Holmes-Adie syndrome (HAS)

Introduction

Adie's pupil is a neurological disorder affecting the pupil of the eye and the autonomic nervous system.

Clinical features

It is characterized by one eye with a pupil that is larger than normal and constricts slowly in bright light (tonic pupil), along with the absence of deep tendon reflexes, usually in the Achilles tendon.

Pathophysiology

HAS is thought to be the result of a neurotrophic (acting on neurons, or nerve cells) viral infection that causes inflammation and damage to neurons in the ciliary ganglion, an area of the brain that controls eye movements, and the dorsal root ganglion, an area of the spinal cord involved in the response of the autonomic nervous system.

Progression

HAS begins gradually in one eye, and often progresses to involve the other eye.

Clinical features

At first, it may only cause the loss of deep tendon reflexes on one side of the body, but then progress to the other side. The eye and reflex symptoms may not appear at the same time. People with HAS may also sweat excessively, sometimes only on one side of the body.

Diagnosis

The combination of these 3 symptoms – abnormal pupil size, loss of deep tendon reflexes, and excessive sweating – is usually called Ross’s syndrome, although some doctors will still diagnose the condition as a variant of HAS.

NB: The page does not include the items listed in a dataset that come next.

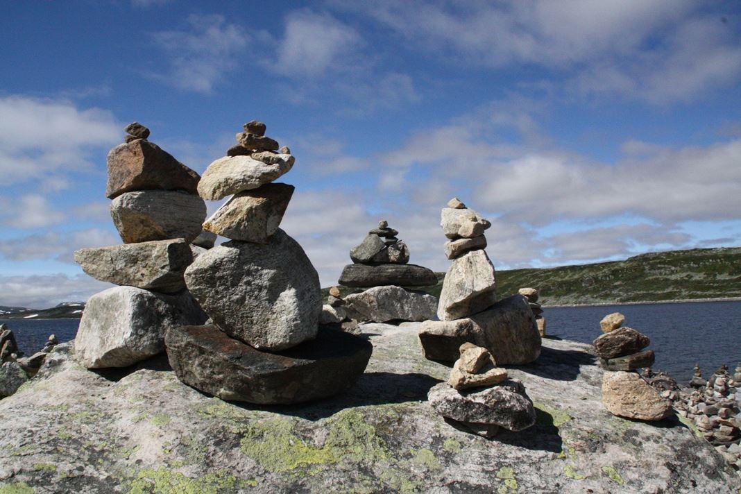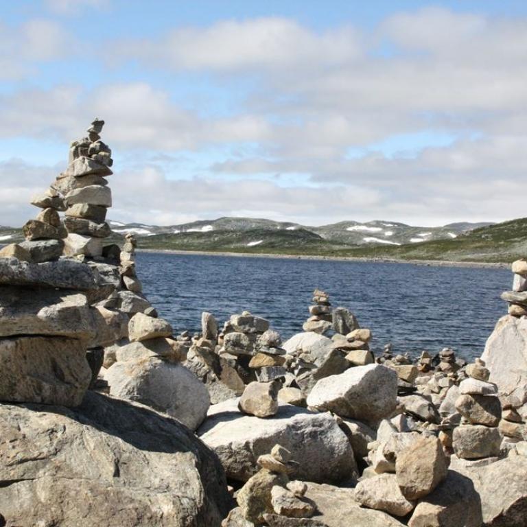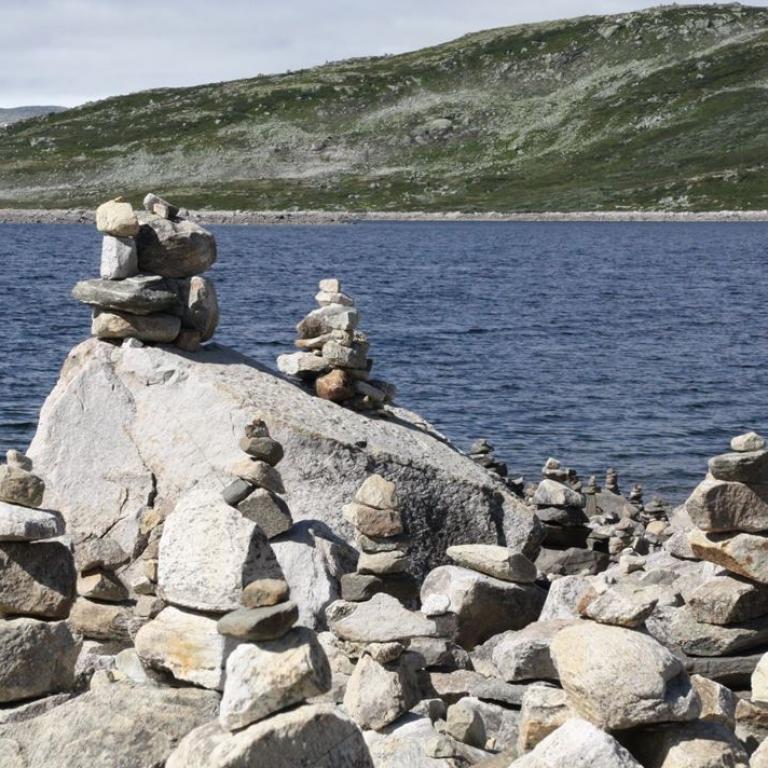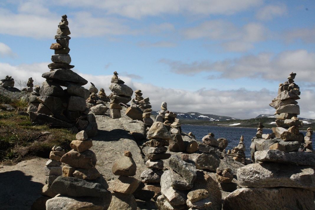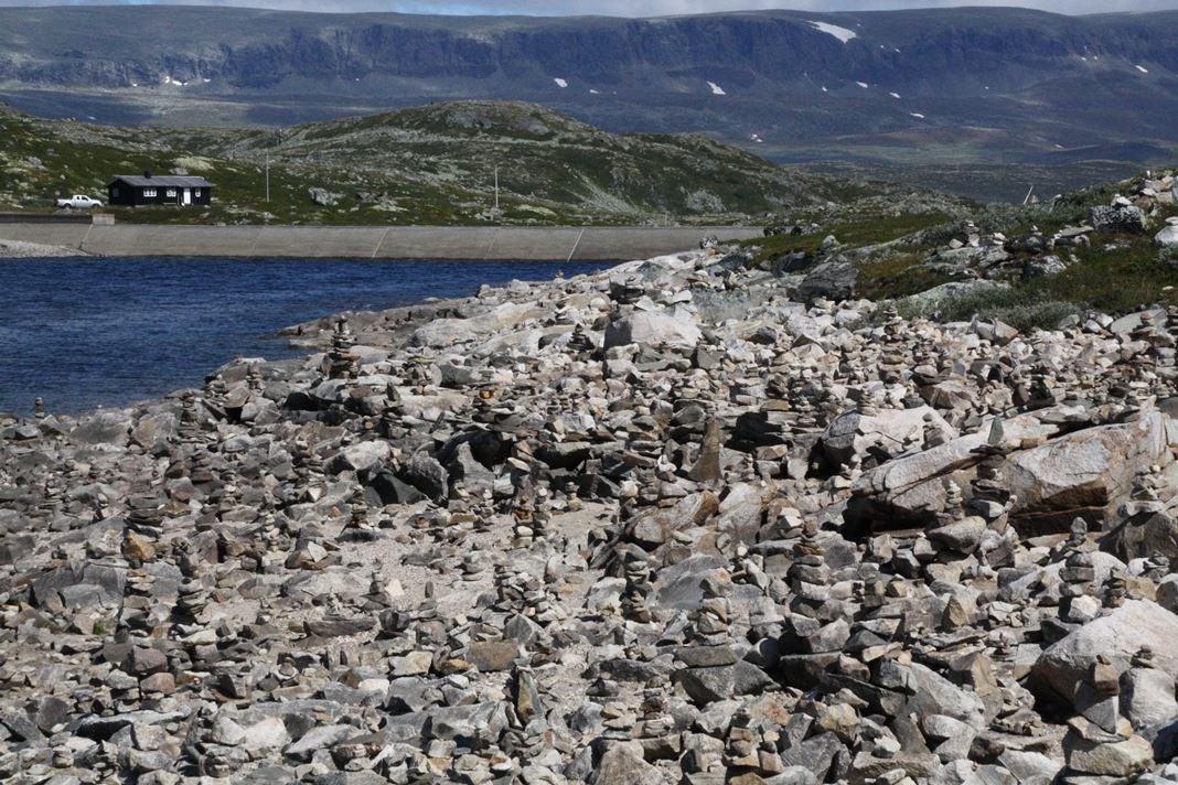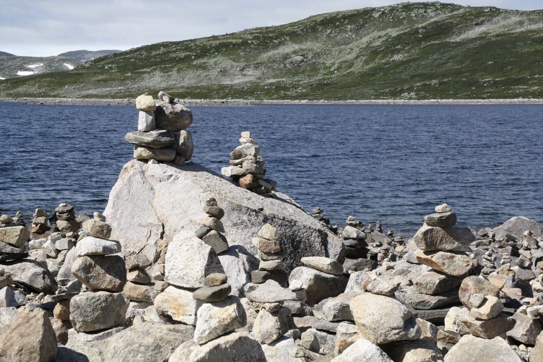 Aber noch mal kurz 90km (und knapp 2 Stunden) zurück. Ich habe den Blick über die Seen an denen ich vorbeigefahren bin genossen und ich hatte Hunger. An den meisten Seen ist auch ein Parkplatz für die Touristen, diese waren überfüllt - fast nur Wohnmobile oder Wohnwagen .... Am Orteren war wenig los und ich konnte "Mittag machen". Dabei habe ich die Steinfiguren entdeckt. Unten ein paar Bilder.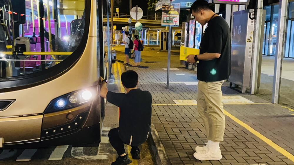 Police are hunting down a man in his 30s after pushing a pedestrian off the sidewalk and into a moving bus as it was departing from a bus stop in San Po Kong.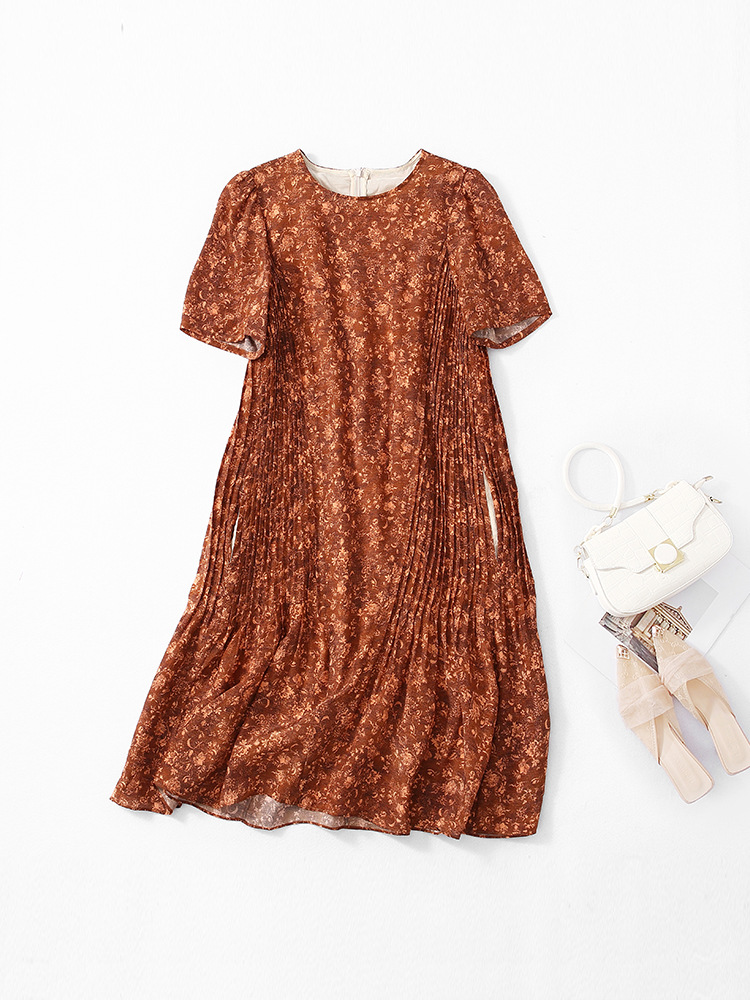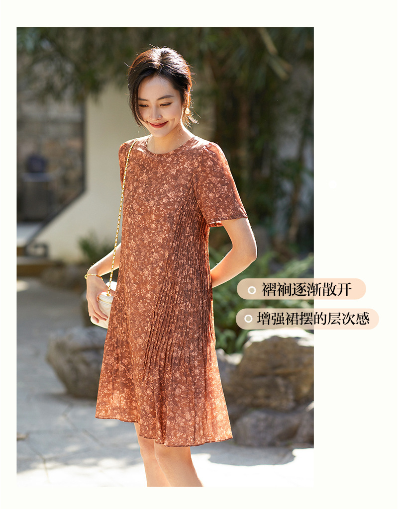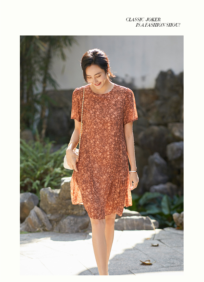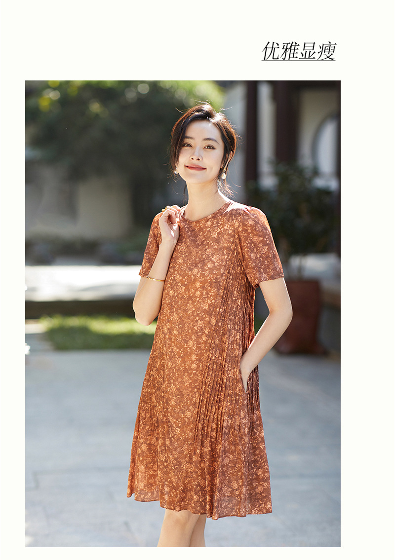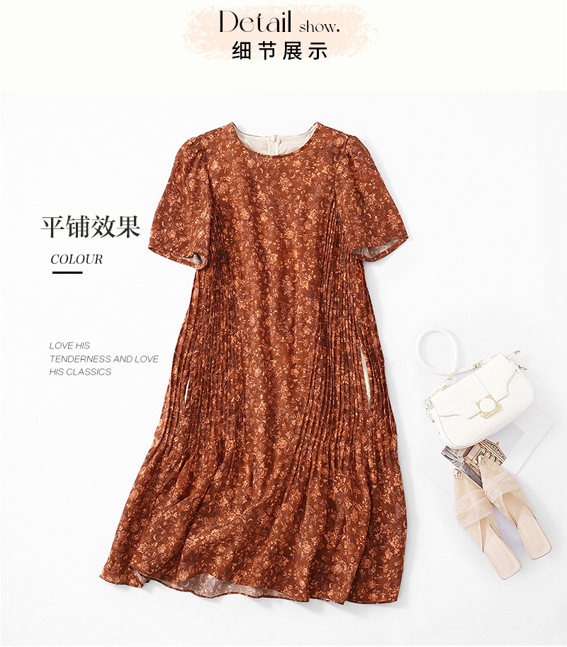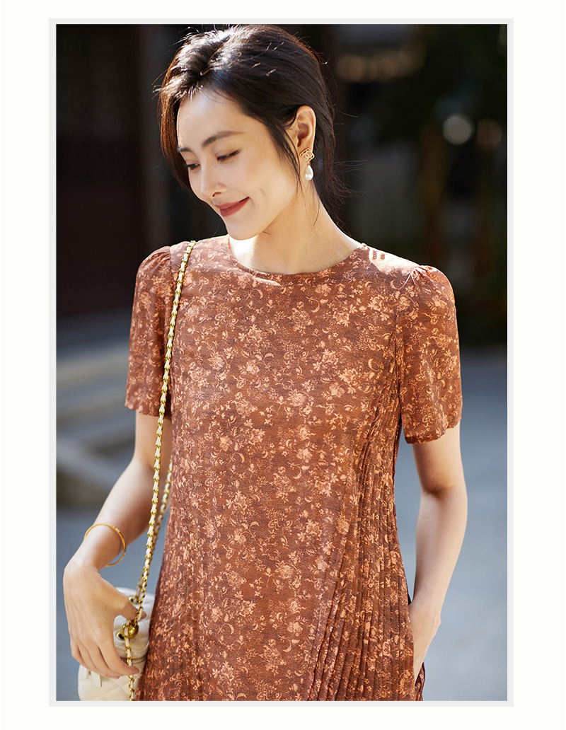 Chiếc đầm này được tạo nên từ chất liệu lụa mềm mại, in họa tiết độc đáo. Điểm nhấn đặc biệt đến từ những đường xếp ly được ép kỹ thuật, tạo nên kết cấu dày dặn và form dáng đầm suôn thanh lịch. Sản phẩm phù hợp để mặc đi làm hoặc dự những buổi gặp mặt. Bạn chỉ cần giặt nhẹ và phơi khô tự nhiên để giữ vẻ đẹp lâu bền cho trang phục. | Tên sản phẩm: Váy Đầm Liền Thân Nữ Chất Liệu Lụa Tơ Tằm Họa Tiết Hoa - Thời Trang Nữ | Mã sản phẩm: K7046 - Giá: 3.610.000đ | Mã nhà sản xuất: SHDA-G06Hình ảnh sản phẩm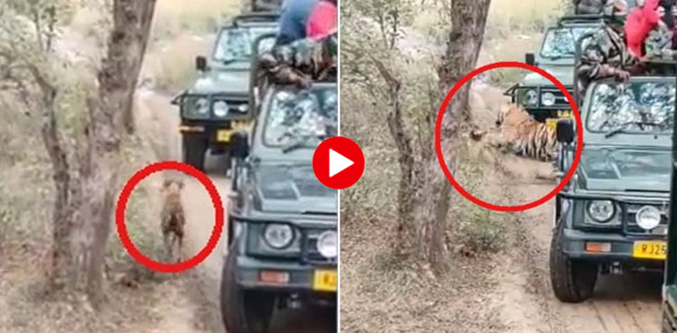 بھارتی ریاست راجستھان کے رنتھمبور نیشنل پارک کی ایک ویڈیو سوشل میڈیا پر وائرل ہورہی جس میں دیکھا جاسکتا ہے کہ سیاحوں کی موجودگی میں شیر نے کتے کو دبوچ لیا۔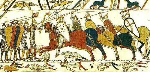 We see a shield wall with a man out front with the Dane Axe. The man is not in a formation of men with Dane Axes. The thought is that the axe men might well be there to chop the lead horse, which then would like dominos disrupt the rest of the charging cavalry. There are a few other things to note. First, the spears born by those in the shield wall don’t look particularly long, nor are they set in the ground to receive a charging horse. Second, the charging cavalrymen, while well armored themselves, their horses are unarmored. Third, the horsemen themselves are not charging with couched lances. This is Hastings, which is pretty early in the history of the knightly charge with lances.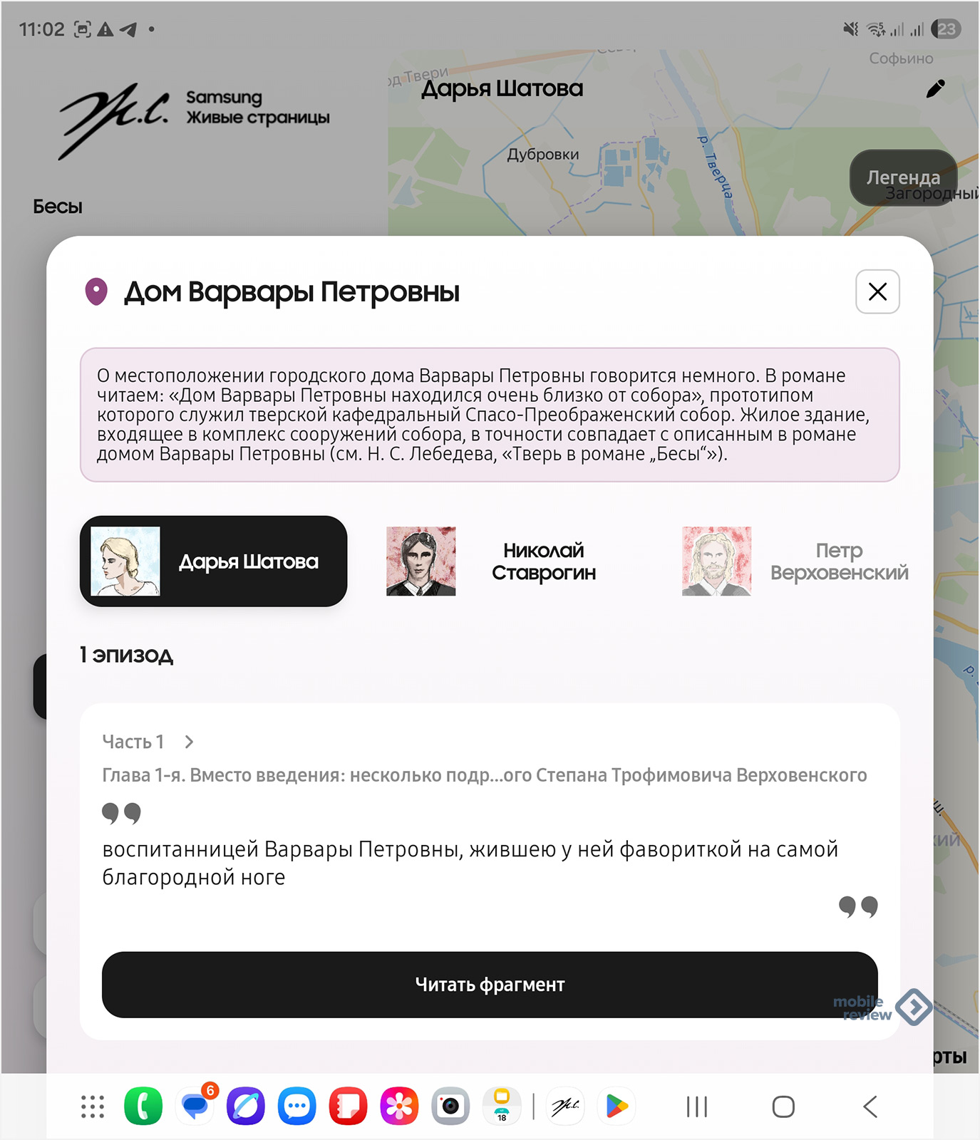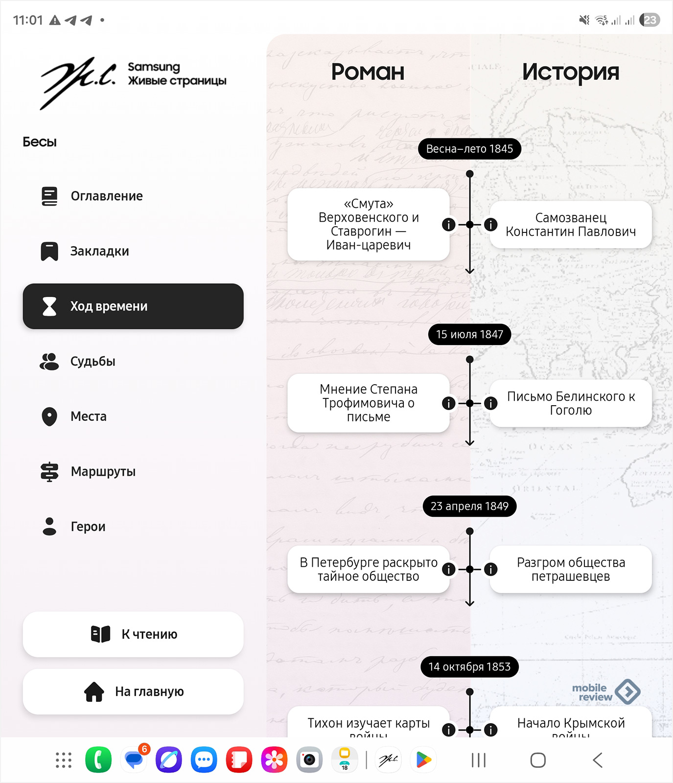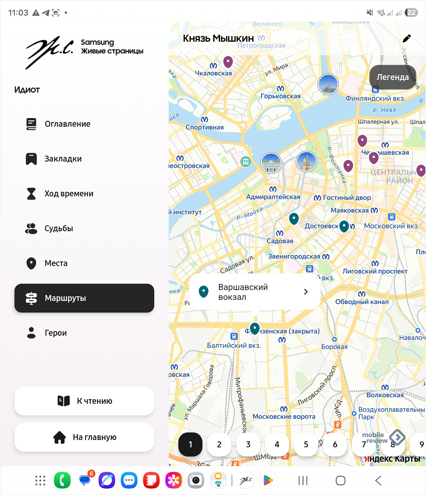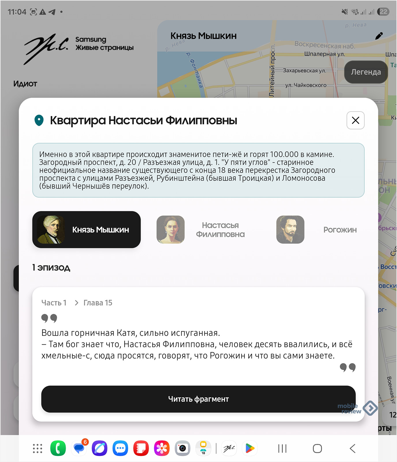 Компания Samsung десять лет развивает в России проект «Живые страницы», приложение для чтения книг, в котором есть как классика, так и современные авторы. Всего несколько десятков книг, каждая из них сильно переработана и дополнена. Идея приложения в том, чтобы не просто дать цифровую копию книги, но добавить хронологию, маршруты персонажей, которые можно посмотреть на карте, пересечение героев в книге. Одним словом, этакий интерактив, который позволяет глубже погрузиться в книгу или погулять по тому же Питеру, разглядывая практически те же дома и улицы, в городе мало что изменилось, и легко погрузиться в правильную атмосферу.

Cardiovascular involvement

Some individuals will also have cardiovascular abnormalities.

Associated conditions

The HAS symptoms can appear on their own, or in association with other diseases of the nervous system, such as Sjogren’s syndrome or migraine.

Sex differences

It is most often seen in young women.

Inheritance

It is rarely an inherited condition.

Prognosis

  • Holmes-Adie syndrome is not life-threatening or disabling.
  • The loss of deep tendon reflexes is permanent.
  • Some symptoms of the disorder may progress.
  • For most individuals, pilocarpine drops and glasses will improve vision.

Treatment

  • Doctors may prescribe reading glasses to compensate for impaired vision in the affected eye, and pilocarpine drops to be applied 3 times daily to constrict the dilated pupil.
  • Thoracic sympathectomy, which severs the involved sympathetic nerve, is the definitive treatment for excessive sweating.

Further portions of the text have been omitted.